窓がなく薄暗い室内には腰ほどの高さの机が6つ置かれている、ひとつは残り5つと向かい合わせで置かれていた。
「ほら、私の後ろに」
ソフィーに招かれるようにオレ達は彼女の後ろに並んだ。
「では」
『我らが街を守る、その為に開かれたこの会議での偽証は決して許されない。この世界の三大神にそれを誓う』
街の代表たちが声を揃えて言う、よく分からなかったが宣誓のようなものなのだろう。
「それで? 一体どういう状況なのかしら?」
声からするとショーラさんだと思うのだけど、何故か彼女の輝く姿が見えなかった。もしかしたら、この部屋の中にはそういう魔法がかかっているのかも知れない。
「それはソフィーから報告してもらいます」
向かい合っている机の方からブライアンさんの声が聞こえた。
「私と一緒にいる三人のうちの一人が、奇怪樹と戦闘しました」
「奇怪樹? なんだそれは?」
「それは魔王であるカイトくんから」
お願い、と小さな声が聞こえた。
「奇怪樹は動く大木のようなモンスターなのですが、私の仲間に居る種族ではありません」
「だからどうしたというのだ?」
「分からないのか? これだから貴族は」
ドワーフのモクスさんの声だ。
「なに!?」
「落ち着いてください、ゲスタフさん。それに、モクスさんも」
「つまり、カイトさん? はこう言いたいのね。

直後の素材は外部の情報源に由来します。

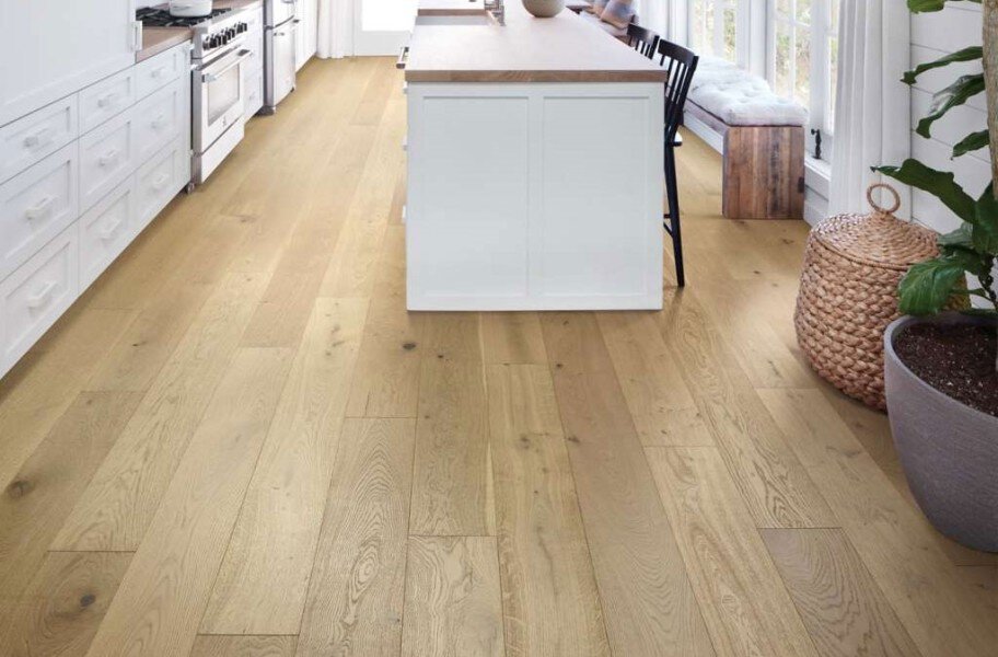 The Expressions White Oak engineered hardwood flooring collection from Shaw is an elegant wide plank hardwood floor with a real White Oak veneer that comes in several rich colors. The White Oak veneer is rich in character and variation with a low-gloss finish that helps mask scuffs and imperfections, making it easy to maintain. The engineered White Oak planks are 7-1/2" wide with micro-beveled edges and a wirebrushed finish. This White Oak hardwood flooring is easy to install with the tongue and groove design and is suitable for any room in the house. Shaw Expressions comes with a 50 year residential warranty. Material - Shaw Expressions is made with a real White Oak veneer and a durable HDF core. Plank Width 7.5" Plank Length Random Length Edges Micro-beveled Thickness 5/8" Janka Rating 1360 Surface Type Wirebrushed Wear Layer 4 mm Gloss 7%, Low-gloss Installation Type Float, glue, nail, staple. Installation Location On, Above, Below Type of Finish Scratch resistant UV Aluminum Oxide Locking System Tongue and Groove Warranty 50-Year residential Character Variation High

自分の仲間ではないモンスターが闊歩していた、そして管理もなにもされていないモンスターが人を襲ったと」
ショーラさんがそう言ってまとめる。
「なに!? それは、大問題じゃないか!?」
「だから私達が招集されたのですね、ブライアン」
ラヴォーロさんの声だ。
「はい。それにカイトさんが言うにはそのモンスター、奇怪樹は彼との会話が出来なかったそうで、その理由は別の魔王にかけられた魔導のせいだという事です」
「ま、魔王だと!?」
「本当なのですか、それは?」
室内にいる事情を知らない四人はざわつく。
「やはり魔王など、この街に入れるべきものでは……」
「それ以上は駄目です、ゲスタフ」
ブライアンさんが止めた。
「くっ……では、どうするというのだ!」
「だから、それを決める為の議会だろうに」
「わ、分かっている!」
さっきからだけど、モスクさんのゲスタフさんへの当たりの強さを感じる、あまり相性が良くないんだろう。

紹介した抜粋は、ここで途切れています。